The government's proposals for treating more patients closer to home by expanding primary care would put a big strain on the district general hospitals. "I have not seen any that have to close, but they are going to have to work in a networked way," he says. "And you are going to have to use the ambulance service in a more creative way."
Nicholson does not spell out the implications, but his remarks suggest the closure of some departments, allowing hospitals to specialise in what they do best. Patients may get a better service, but would have to travel further to access it. "Undoubtedly there will be tough decisions to make over the next 12 months to reflect changing services," he adds.

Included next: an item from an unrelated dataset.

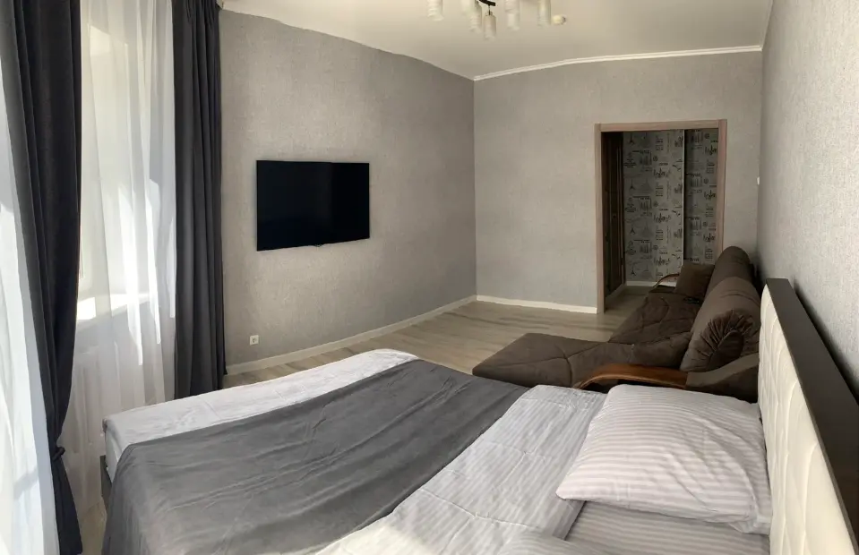 ⭐ Двухспальная кровать с ортопедическим матрасом и диван, который превращается в двухспальное место. Постельное белье. На каждого гостя пo 2 полотенца;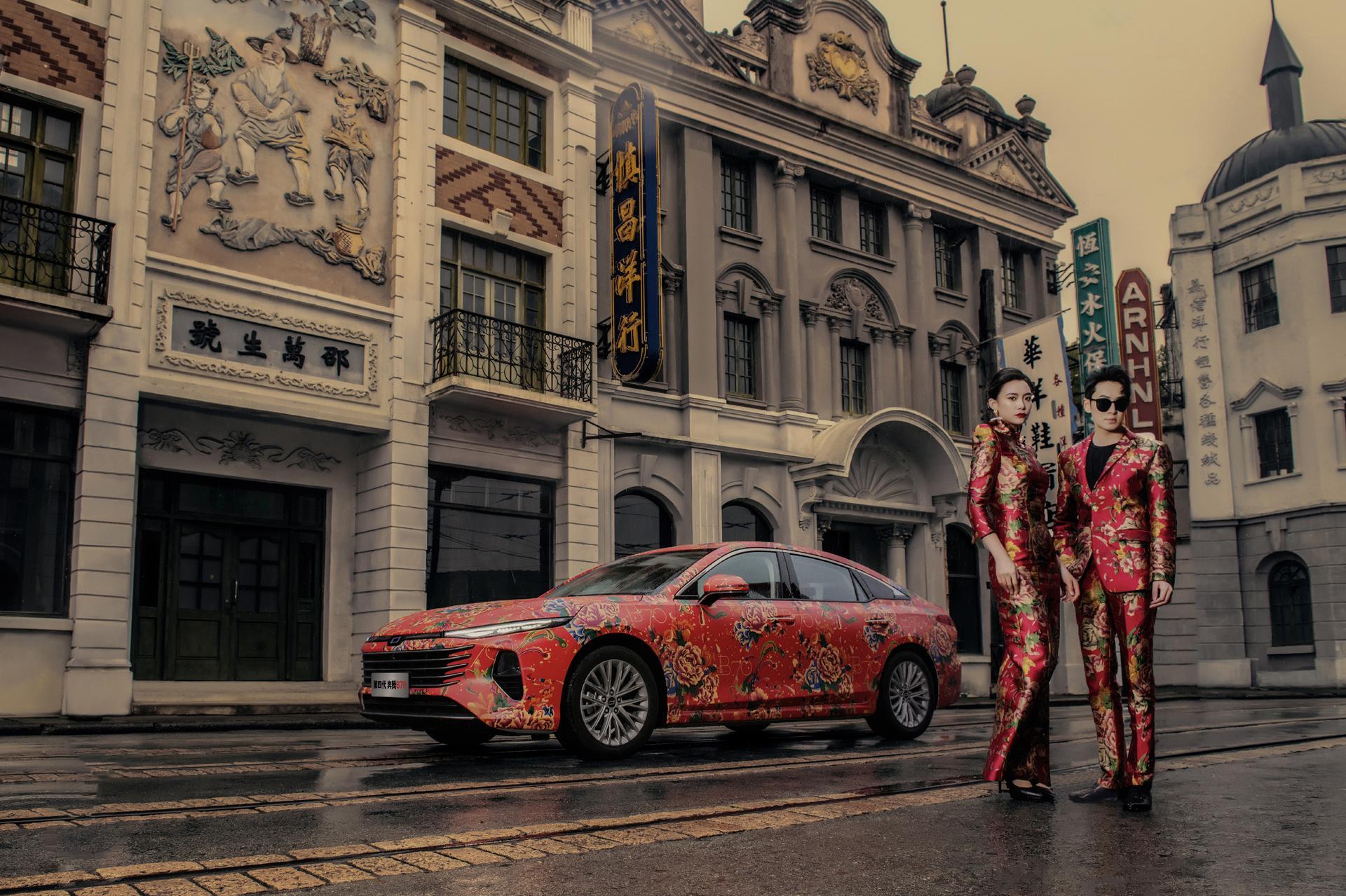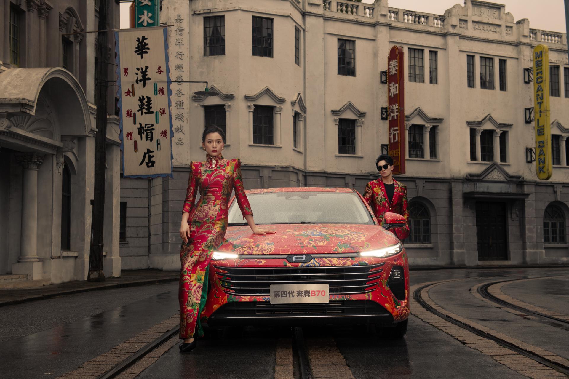 在繁華的上海老街,一輛奔騰B70以獨特的東北大花車衣亮相,成爲街頭矚目的焦點。這款車的設計靈感來源於中國東北地區傳統的大花圖案,經過國際知名設計師的巧妙改造,與現代汽車設計完美融合。

The toughest would involve reorganisation of emergency care, paediatrics and maternity services. A key decision has had to be taken about the number of major trauma centres across England for dealing with the most serious emergencies. That has had implications for the number of hospitals running a full A&E department. Many patients with minor ailments could be looked after better in local walk-in centres rather than A&E.
Similarly, the NHS has had to decide the number of births needed to sustain a 24-hour consultant-led maternity service and the most appropriate size for paediatric departments. Were these not the three most bothersome areas of NHS care in terms of likely revolts against closure of local facilities?
Determinedly optimistic
Yes, says Nicholson. But he is determinedly optimistic about winning public support for change if consultation is managed properly. Trusts have to ask: are the clinicians on board; will they stand up and argue the case; can the trust demonstrate the health benefits of a reconfiguration of services; and can it say how many lives will be saved, to set against the claims that will undoubtedly be made by protesters that lives will be lost?
"We will be going out to consultation later this year or early next on a whole series of reconfigurations. I understand the politics of it. But this is about the way we deliver care that is predominantly closer to home."